GoogleCloudPlatform / DataflowTemplates

Cloud Dataflow Google-provided templates for solving in-Cloud data tasks
https://cloud.google.com/dataflow/docs/guides/templates/provided-templates
Apache License 2.0
1.11k stars 929 forks source link

cdc-embedded-connector giving java.lang.NullPointerException: null\n\tat com.google.cloud.dataflow.cdc.connector.DebeziumSourceRecordToDataflowCdcFormatTranslator.translate #597

Open andreagaffiero opened 1 year ago

andreagaffiero commented 1 year ago

Related Template(s)

cdc-embedded-connector

What happened?

cdc-connector has been deployed successfully and replicates cdc changes through pub/sub -> dataflow -> bigquery as needed.

I then started adding new tables to the whitelistedTables= parameter within the k8 configmap. After some time, with data changes being captured the cdc-embedded connector deployment then starts failing.

Within the logs the error placed in the log output was found.

Is there any config that can be added within the cdc-embedded-connector to fix this please? how can I get round this please? is this a known issue?

Thanks in advance.

Note: started working on this implementation last December, using DataflowTemplates-2022-12-13-00_RC01.

Beam Version

Newer than 2.43.0

Relevant log output

{"message":"io.debezium.embedded.EmbeddedEngine - Stopping connector after error in the application\u0027s handler method: null\njava.lang.NullPointerException: null\n\tat com.google.cloud.dataflow.cdc.connector.DebeziumSourceRecordToDataflowCdcFormatTranslator.translate(DebeziumSourceRecordToDataflowCdcFormatTranslator.java:91)\n\tat com.google.cloud.dataflow.cdc.connector.PubSubChangeConsumer.handleBatch(PubSubChangeConsumer.java:118)\n\tat io.debezium.embedded.EmbeddedEngine.run(EmbeddedEngine.java:826)\n\tat java.base/java.util.concurrent.Executors$RunnableAdapter.call(Executors.java:515)\n\tat java.base/java.util.concurrent.FutureTask.run(FutureTask.java:264)\n\tat java.base/java.util.concurrent.ThreadPoolExecutor.runWorker(ThreadPoolExecutor.java:1128)\n\tat java.base/java.util.concurrent.ThreadPoolExecutor$Worker.run(ThreadPoolExecutor.java:628)\n\tat java.base/java.lang.Thread.run(Thread.java:829)\n","severity":"ERROR"}

{"message":"com.google.cloud.dataflow.cdc.connector.DebeziumToPubSubDataSender - Requesting embedded engine to shut down","severity":"INFO"}
grdavor commented 6 months ago

Probably a bit late to the party but I think I was able to replicate this bug.

Setup:

databaseManagementSystem=postgres
singleTopicMode=false
whitelistedTables=postgres.public.table
inMemoryOffsetStorage=false

Steps to reproduce:

  1. Have the cdc-embedded-connector running and caught up with WAL
  2. stop the connector
  3. delete a row from the whitelistedTable
  4. restart the connector

From my limited understanding, the issue is that after restart, the connector tries to get the table schema from the after value emitted by debezium.
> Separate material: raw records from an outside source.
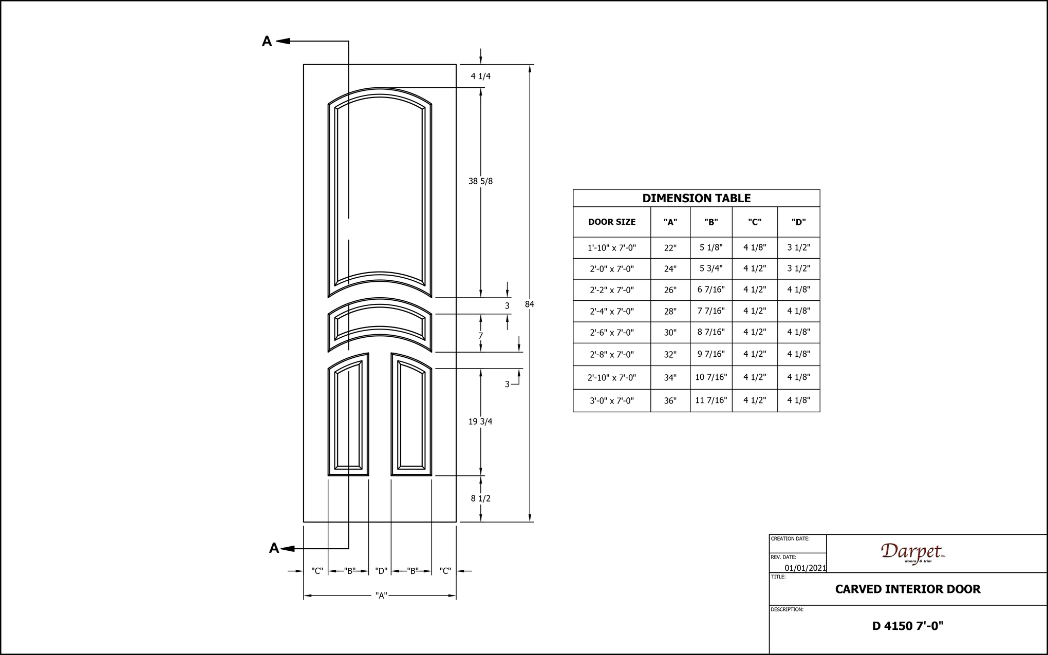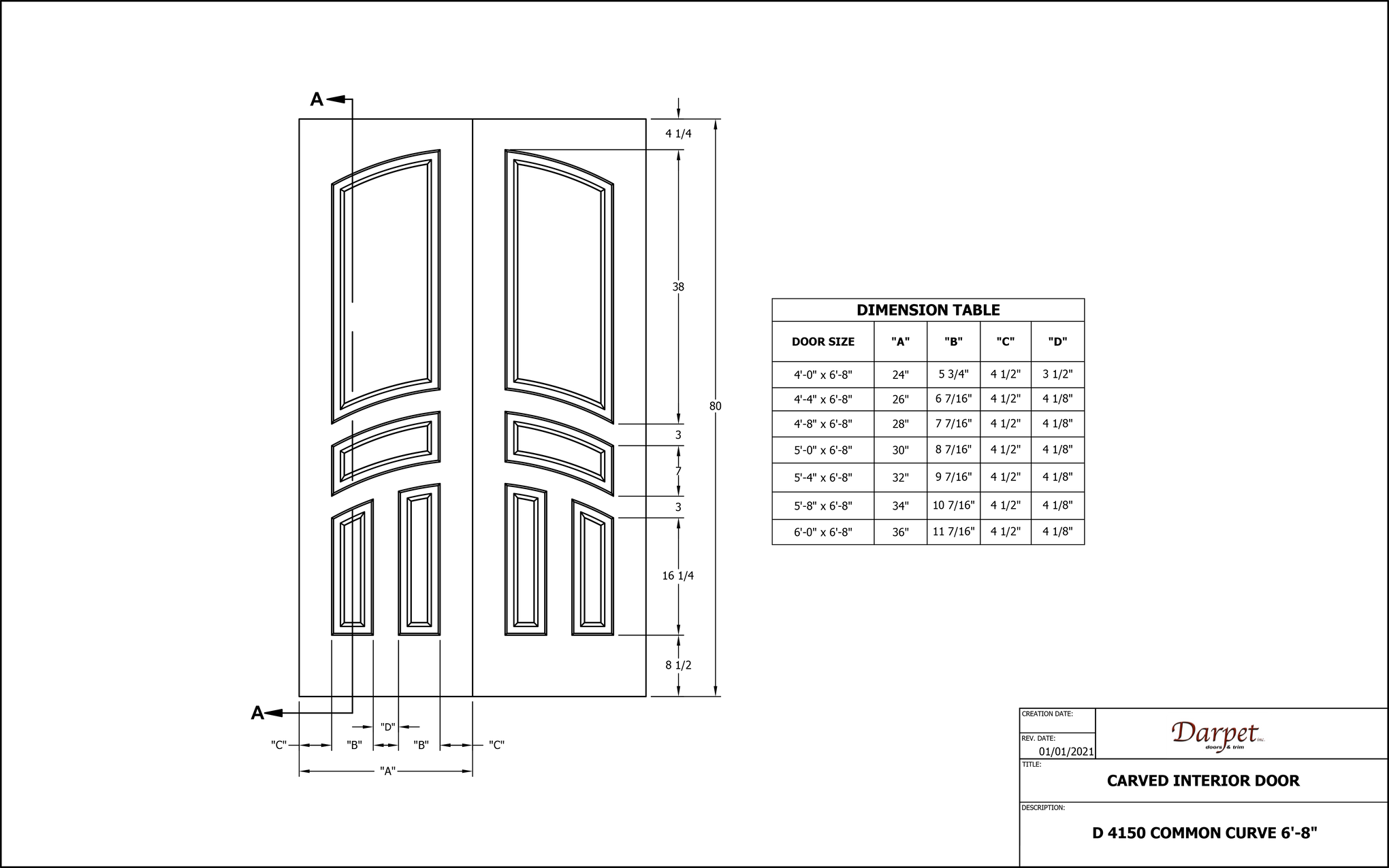 CARVED8024-D4150-(Profile #) | 2'4" (28") X 8'0" (96") |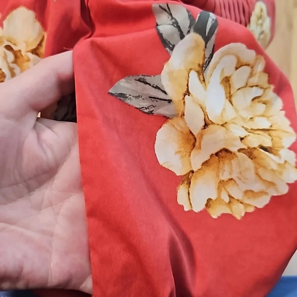 This jumpsuit is a dream! The lightweight fabric keeps me cool, and the peach floral print is so pretty. Love the front pockets—super handy. Fits perfectly and looks effortlessly boho-chic. Great for brunch or a summer festival. Washes well too!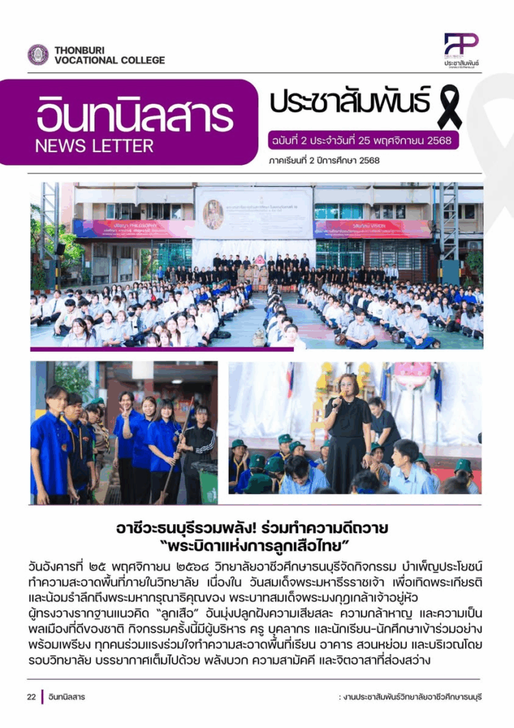 วิทยาลัยอาชีวศึกษาธนบุรีจัดกิจกรรม บำเพ็ญประโยชน์ ทำความสะอาดพื้นที่ภายในวิทยาลัย เนื่องใน วันสมเด็จพระมหาธีรราชเจ้า เพื่อเทิดพระเกียรติและน้อมรำลึกถึงพระมหากรุณาธิคุณของ

However, if the first event it encounters is a delete event, the after value is null.

A hacky way to cricumvent the issue could be to set snapshot.mode to always (if the table is small enough so that it doesn't slow the replication too much). This would ensure that the first event the connector receives after restart isn't a delete event.

github-actions[bot] commented 6 days ago

This issue has been marked as stale due to 180 days of inactivity. It will be closed in 1 week if no further activity occurs. If you think that’s incorrect or this pull request requires a review, please simply write any comment. If closed, you can revive the issue at any time. Thank you for your contributions.